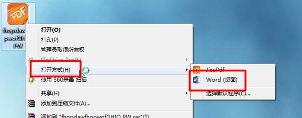 2.对准PDF-右键-打开方式-word(桌面)。图1
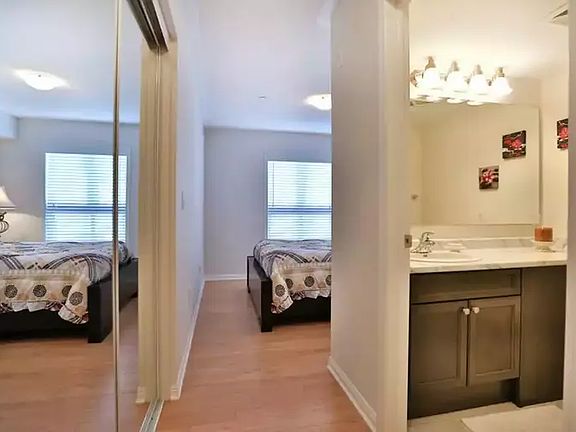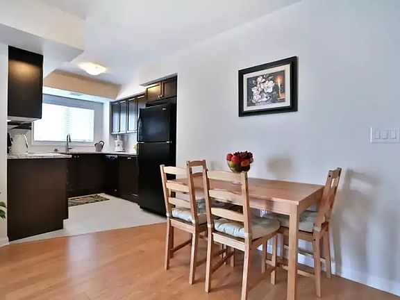 Featuring 2 bedrooms & 2 full baths, this unit is upgraded with quality laminate floors throughout except where ceramics. Living/dining room offers walkout to the balcony. Nicely appointed kitchen features dark espresso coloured cabinets, granite counters & new appliances. Master bed has a large closet & 3 pc en-suite. Suite has its own forced air central AC & heating units
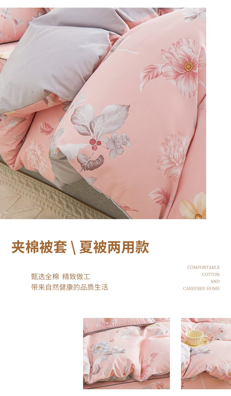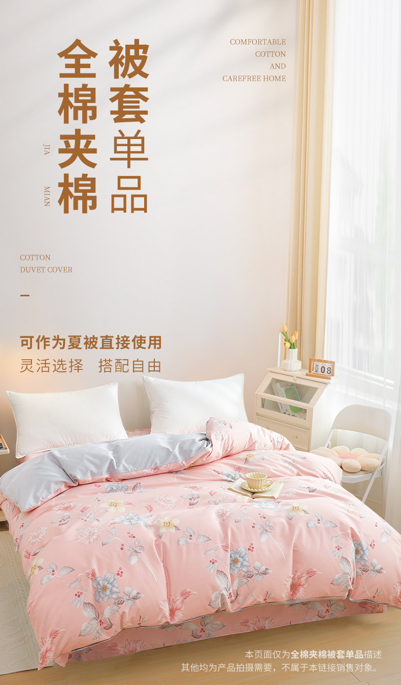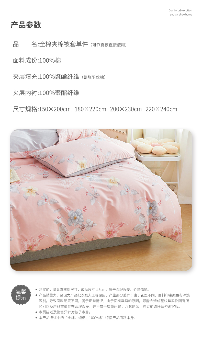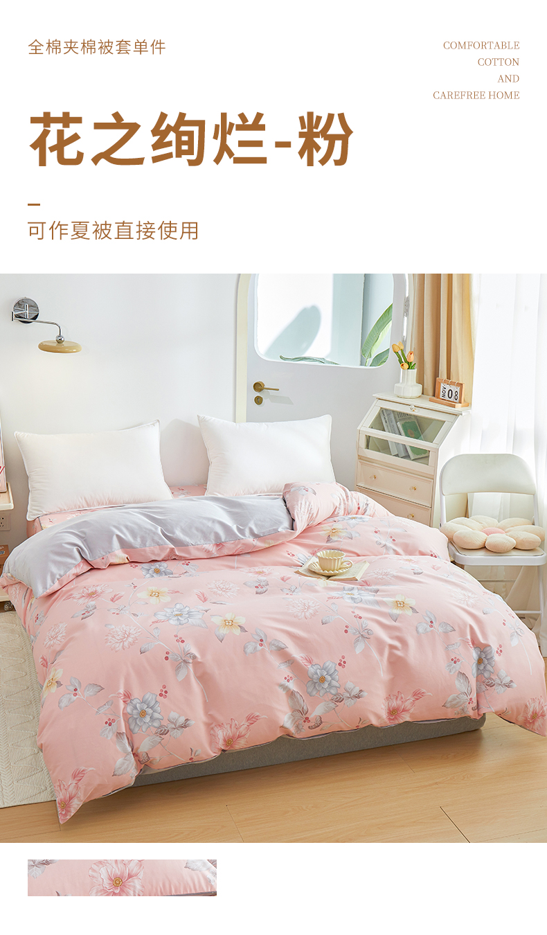 商品名称:元元 2024新款小清新隐藏式夹棉套件单品-夹棉被套 花之绚烂-粉
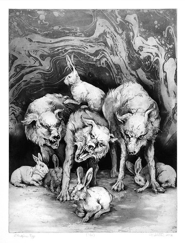Before I read your comment, I thought to myself, "This really reminds me of Watership Down!" The web-like texture of the large rabbit and the background are disturbing yet beautiful. I noticed that most of the rabbits have injured or pale eyes - the white blindness?
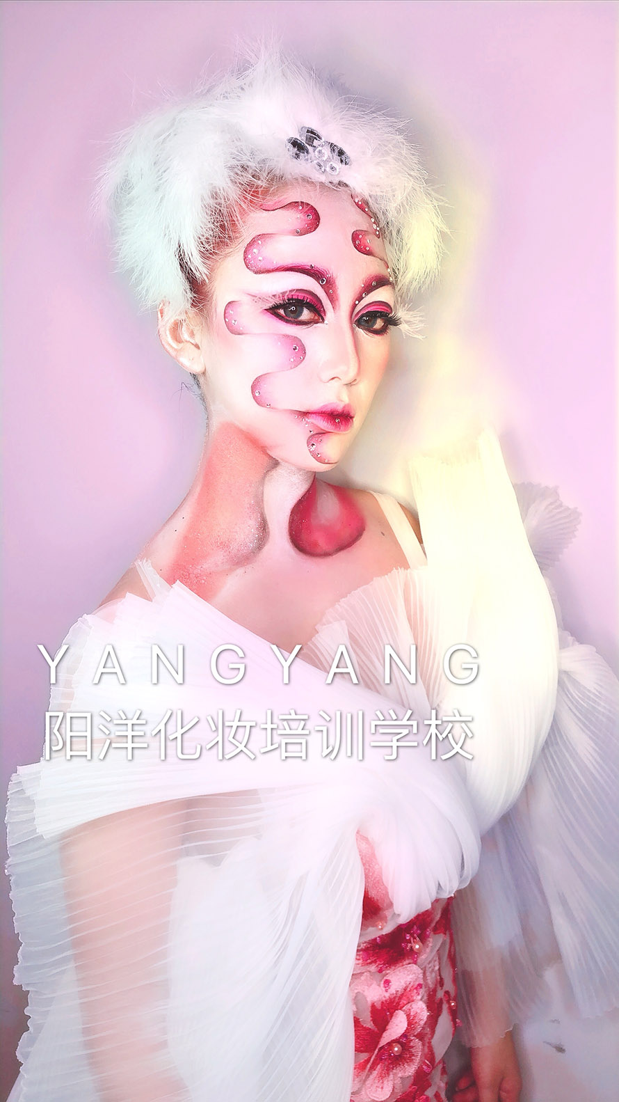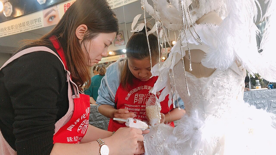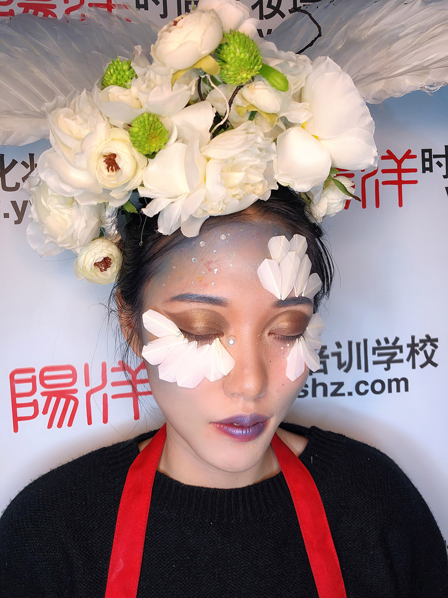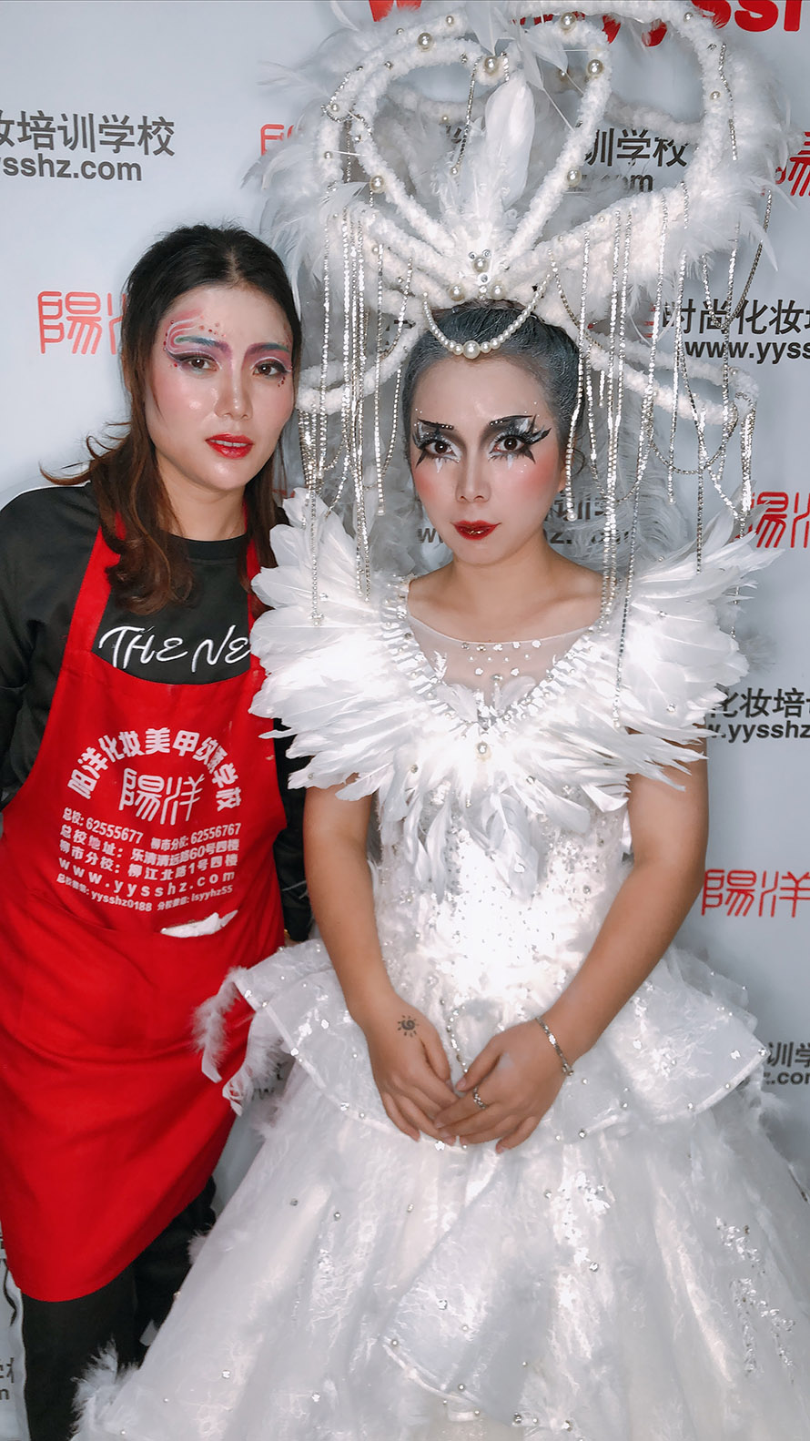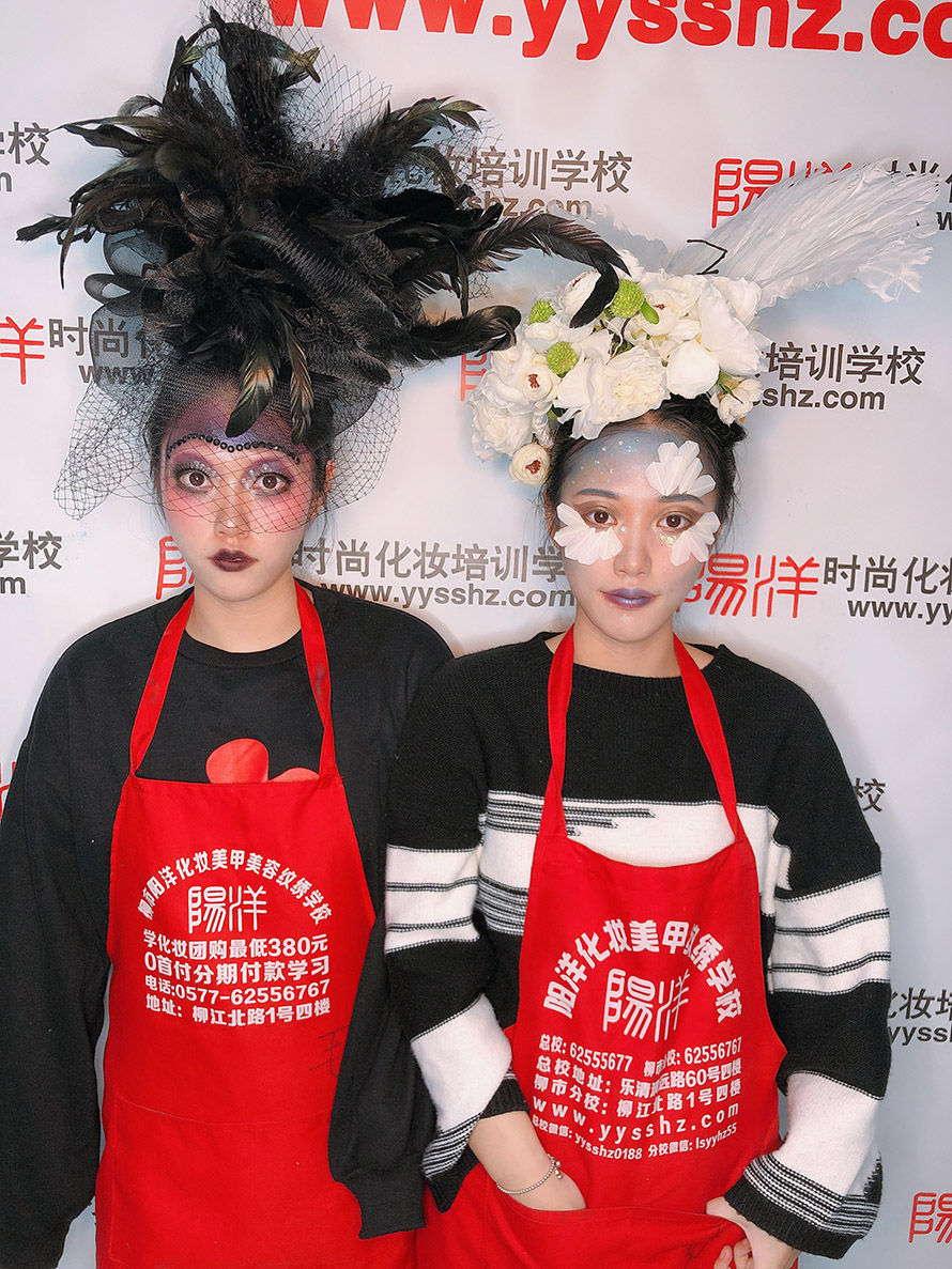 了解到陽洋學(xué)校是政府審核的正規(guī)化妝技能培訓(xùn)學(xué)校,于是帶她們到學(xué)校來報名學(xué)習(xí)課程。這是她們第一次互相對練創(chuàng)作出來作品。
══════
■ What to produce: Please print the lines above word for word, starting at the one with "商品名称:元元 2024新款小清新隐藏式夹棉套件单品-夹棉被套 花之绚烂-粉" and ending at the one with "Before I read", both included, and without any picture.

■ Output:
 商品名称:元元 2024新款小清新隐藏式夹棉套件单品-夹棉被套 花之绚烂-粉
Before I read your comment, I thought to myself, "This really reminds me of Watership Down!" The web-like texture of the large rabbit and the background are disturbing yet beautiful. I noticed that most of the rabbits have injured or pale eyes - the white blindness?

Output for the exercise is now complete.